Людиньке, Любиньке, Соничке, Николиньке посылаются книги; да простят мне, что не все новые; то значит, что они были в руках у одного ребенка, a cet enfant c'est moi[56]».
«10 января 1839 г. Владимир{39}.
В одном из последних нумеров „Живописного обозрения“ находится политипажная картинка, представляющая ваш храм. Я очень этому удивился; кто его дал в редакцию и кто писал всю статью? Впрочем, это недурно: пусть сличат, чувство изящного принадлежит не одним артистам, всякий, имеющий очи, увидит[57]{40}.
На днях день вашего рождения. Поздравляю с этим днем Академию художеств и вообще зодчество. Подвиг ваш не останется втуне, нет, человечество имеет свою мерку великому, и ваше место в истории искусства занято. Вспомните, как в 1837 году я был Дантом, этот вечер отмечен в моей памяти светлой чертою{41}. Вы были тронуты тогда, и ваша слеза принадлежала отчасти мне.
Как встретили вы Новый год? Отчасти грустно, но в вашей душе награда за все. Эрн писал мне, что в праздник (25 декабря) он обедал у вас, много было говорено обо мне. Меня обрадовала эта весть, не из суетного самолюбия, а из той симпатии, глубокой и сердечной, которая соединила нас в горькую эпоху жизни.
Читали ли вы посланный отрывок из моей поэмы? Впрочем, по нем нельзя судить обо всем. Когда угодно прочесть все, то попросите у Скворцова; я ему посылаю черновой, измаранный…»
«11 января.
Новый год я встретил у постели больной Наташи, которой, впрочем, теперь лучше. Однако вас не забыли, а в двенадцать часов без вина поздравили вас. „Благословенье друзьям в Вятке“, — сказал я и сделал крест рукою. Дружба хиротонисала{42} меня, и она дает право благословлять.

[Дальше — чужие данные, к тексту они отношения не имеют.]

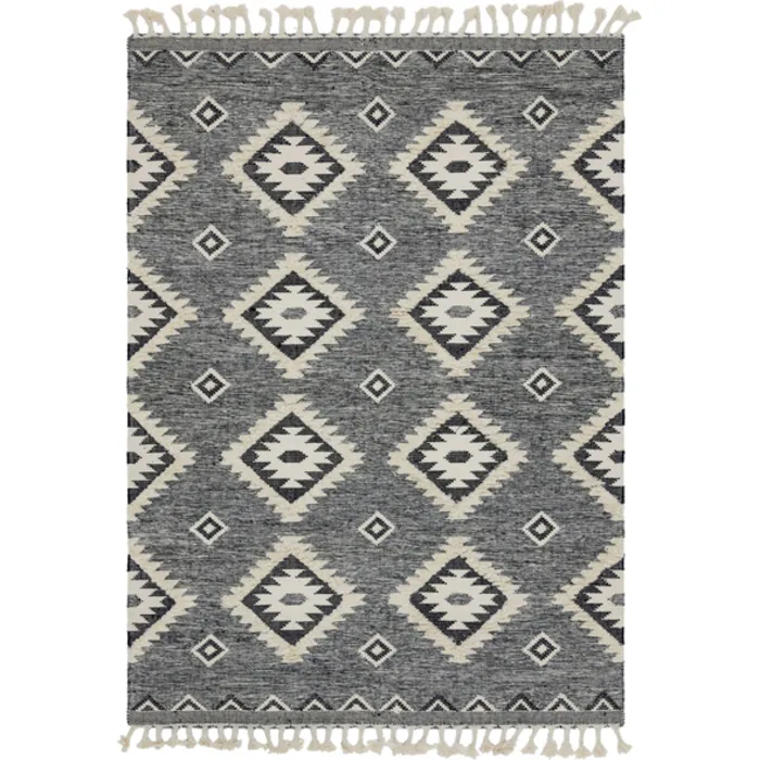 The geometric tribal pattern of the Mesa Collection brings an exciting southwestern flair to any room. The woven construction contrasts with raised areas and fringe for even more visual interest. The subdued color palettes and transitional design keep it from becoming too overbearing whether in a modern or traditional style room.

Вы, кажется, хороши с губернатором. Это меня удивляет, потому что я об нем со всех сторон слышу пакости{43}.
Я еще не чиновник особых поручений, понеже это будет зависеть от министра внутренних дел, ну, да впрочем, я иначе теперь помышляю о службе: лишь бы асессорский чин, а с ним в отставку{44}. Теперь я все еще редактор газеты{45}, и она идет, кажется, недурно. Ежели министр утвердит, то буду получать тысячу двести рублей жалованья да пятьсот за редакцию (потому так мало, что я требовал помощника), да домашние стипендии, и все это вместе мне далеко не хватает, ибо здесь дороговизна ужасная.
В том письме, которое пропало, я спрашивал вас, не обяжете ли вы нас тем, что возьмете en pension[58] Наташинова меньшого брата, который мечтает быть живописцем. Но теперь, кажется, его определяют в медико-хирургическую академию».
«17 января.
…Наташа вообще получила от природы в обратной пропорции души и тела. Сколько здорова и тверда душа, столько утло и хрупко тело…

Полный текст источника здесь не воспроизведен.